[What is expected] Copy out the data below from the line containing "-Return air-to-air heat" to the line containing "This paper proposes", both lines included, with all images left out.

[Records to use]
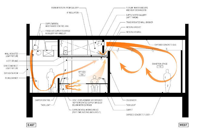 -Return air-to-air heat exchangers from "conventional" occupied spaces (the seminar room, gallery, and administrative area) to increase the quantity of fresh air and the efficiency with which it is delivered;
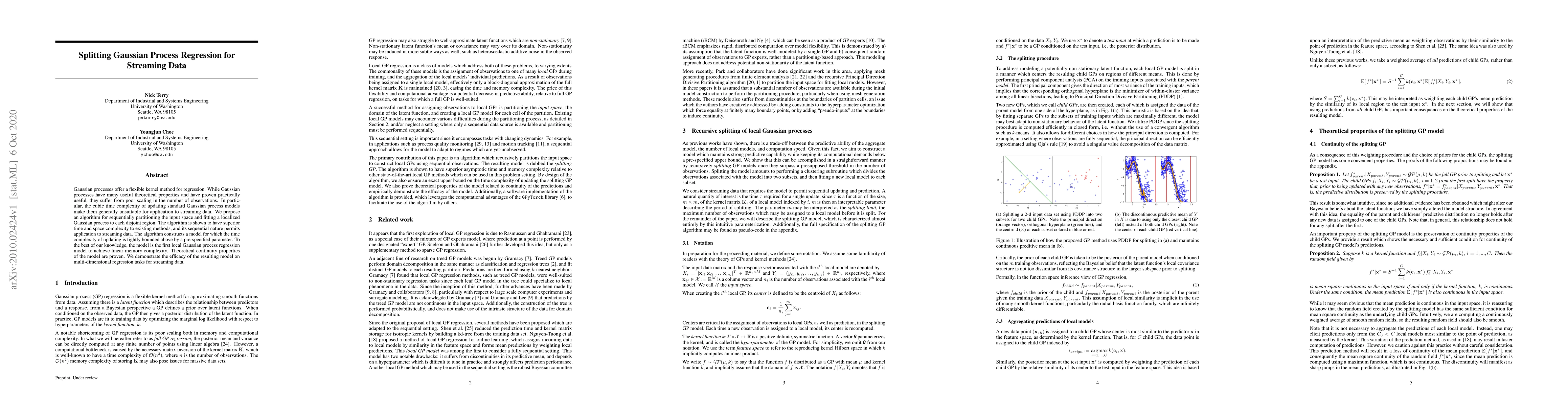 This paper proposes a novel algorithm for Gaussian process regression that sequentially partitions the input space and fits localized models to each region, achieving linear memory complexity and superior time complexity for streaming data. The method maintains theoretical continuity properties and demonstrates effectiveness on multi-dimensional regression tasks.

...

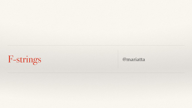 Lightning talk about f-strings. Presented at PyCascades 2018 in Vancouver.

[Response to the exercise]
 -Return air-to-air heat exchangers from "conventional" occupied spaces (the seminar room, gallery, and administrative area) to increase the quantity of fresh air and the efficiency with which it is delivered;
 This paper proposes a novel algorithm for Gaussian process regression that sequentially partitions the input space and fits localized models to each region, achieving linear memory complexity and superior time complexity for streaming data. The method maintains theoretical continuity properties and demonstrates effectiveness on multi-dimensional regression tasks.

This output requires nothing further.